On Azure this is OpenTelemetry into Azure Application Insights and Azure Monitor, with Foundry’s built-in tracing already emitting agent-shaped spans. Continuous evaluation in Foundry feeds back into that observability story by treating eval scores as first-class telemetry, not as something you only look at during development. The way I would phrase the updated factor: logs are necessary, traces are required, and evals are part of your observability surface.
What Is Not in the Original Twelve
Twelve-Factor was written for stateless web apps without LLMs, and it does not address failure modes that will most likely take down an agent. A short list of what the original twelve do not cover, with the Microsoft-side answer next to each:
- Prompt injection and tool-call authorization — assume every retrieved document and every user message is hostile. Microsoft Entra gives each agent its own identity; tool calls authorize the agent, not the user behind it. Azure AI Content Safety and Foundry’s policy controls do the input/output filtering.
- Evaluation as a release gate — agents need an eval suite the same way services need unit tests. Foundry’s evaluation tooling and continuous evaluation pipelines plug directly into GitHub Actions so that an agent version cannot be promoted if it regresses on a known dataset.

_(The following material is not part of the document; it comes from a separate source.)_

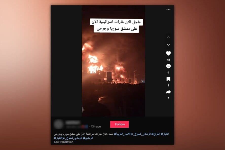 هذا المقطع يعود لحريق في محطة وقود في مدينة الباب في حلب، ولا يصور غارات إسرائيلية في العاصمة السورية دمشق مؤخرًا21 September 2025مضلل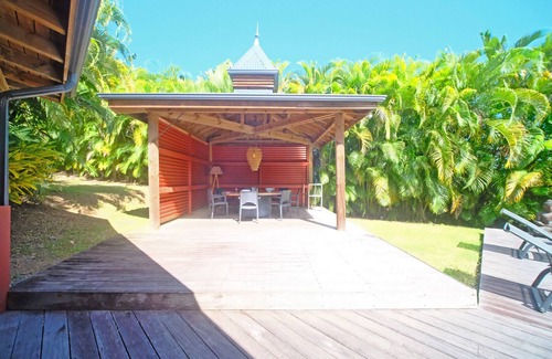 Nestled in the heart of a lush tropical garden filled with banana trees, coconut palms, bougainvilleas, and traveler’s palms, Villa Venusia invites you to an idyllic getaway in an enchanting setting where peace and serenity reign supreme. Charming Rental in Petit-Bourg Villa Venusia, with its serene ambiance and zen-inspired decor, is the ideal address for a dream vacation in Guadeloupe. Wooden walls adorned with colorful paintings, high ceilings, and a subtle blend of local and global influences create a unique atmosphere. The wooden floors and thoughtfully designed layout enhance the exotic and distinctive character of this exceptional place. Charming Villa in Guadeloupe From the moment you arrive, you'll be immersed in the villa’s soothing atmosphere. The wooden shutters allow soft light to filter through, giving you a sense of outdoor living while staying comfortably indoors. The surrounding nature blends harmoniously with the villa’s architecture, creating a most pleasant stay. The living room and kitchen connect to form an open and welcoming living space. The villa features two air-conditioned bedrooms, each with its own en-suite shower room. These rooms, opening onto the tropical vegetation and the pool, offer a peaceful setting and unmatched serenity. Vacation in Guadeloupe: Villa with Pool and Garden for Rent in Basse-Terre Under the gazebo by the pool, enjoy friendly meals with family or friends, all while being gently caressed by the tropical breeze. The lush garden offers a true haven of peace, with a shaded resting area under the coconut trees. The terrace and pool, nestled in the greenery, provide perfect moments of relaxation and pure bliss. Petit-Bourg is the ideal destination for nature lovers and those seeking authenticity. Just a stone’s throw away, you’ll discover must-see sites like the majestic Carbet Falls, the Mamelles Park, as well as numerous waterfalls and rivers. Be sure to visit the local distilleries for an immersive experience of Guadeloupean culture—with tastings, of course. Villa Venusia, a true hidden gem, will enchant you with its discreet charm and unique ambiance, making you want to extend your stay.

- Model rollback and drift — pin model deployments, keep the previous version warm, and have a documented rollback path. The Foundry model catalog and per-environment model bindings make this straightforward, but only if you actually use them.

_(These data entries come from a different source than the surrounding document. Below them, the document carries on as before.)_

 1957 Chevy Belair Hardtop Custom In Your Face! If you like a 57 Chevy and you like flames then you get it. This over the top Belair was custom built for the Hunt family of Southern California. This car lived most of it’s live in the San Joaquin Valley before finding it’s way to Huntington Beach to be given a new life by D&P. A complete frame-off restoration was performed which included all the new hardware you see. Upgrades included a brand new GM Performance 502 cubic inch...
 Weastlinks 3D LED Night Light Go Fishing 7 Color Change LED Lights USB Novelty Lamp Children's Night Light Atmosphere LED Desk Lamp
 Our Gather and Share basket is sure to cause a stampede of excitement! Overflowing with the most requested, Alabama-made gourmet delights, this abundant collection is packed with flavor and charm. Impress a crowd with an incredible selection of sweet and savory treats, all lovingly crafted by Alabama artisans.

- Human-in-the-loop — for any action with real-world side effects, design the approval step into the agent from day one. Logic Apps, Teams adaptive cards, and Power Automate approvals are all production-ready integrations for this.
- Multi-agent coordination and handoff state — once you have more than one agent, the state that lives between them becomes its own first-class concern. MAF gives you primitives for orchestration, but the discipline of treating handoff state as an explicit, observable, replayable artifact is on you.
Where Does this Leave Us?
We’re in the AI era now and things move fast. However, I’ve been noticing we are repeating the same mistakes we fought hard to avoid with cloud-native apps. The point of this post is not that Twelve-Factor is a perfect lens for agents. It may or may not be. The point is that the discipline behind it — declarative codebases, pinned dependencies, externalized config, attached backing services, immutable builds, observable state, real observability — is the discipline we followed with cloud-native apps for years and it is exactly the discipline we need right now, when the temptation to glue together prompt-and-tool prototypes and call them production systems is at an all-time high.
Microsoft Foundry gives you the runtime and most of the building blocks. Azure gives you the rest. The original twelve give you the operating model. The new failure modes give you the gaps to fill on top.
Build the boring parts well. Sleep well at night. Your agent will thank you for it.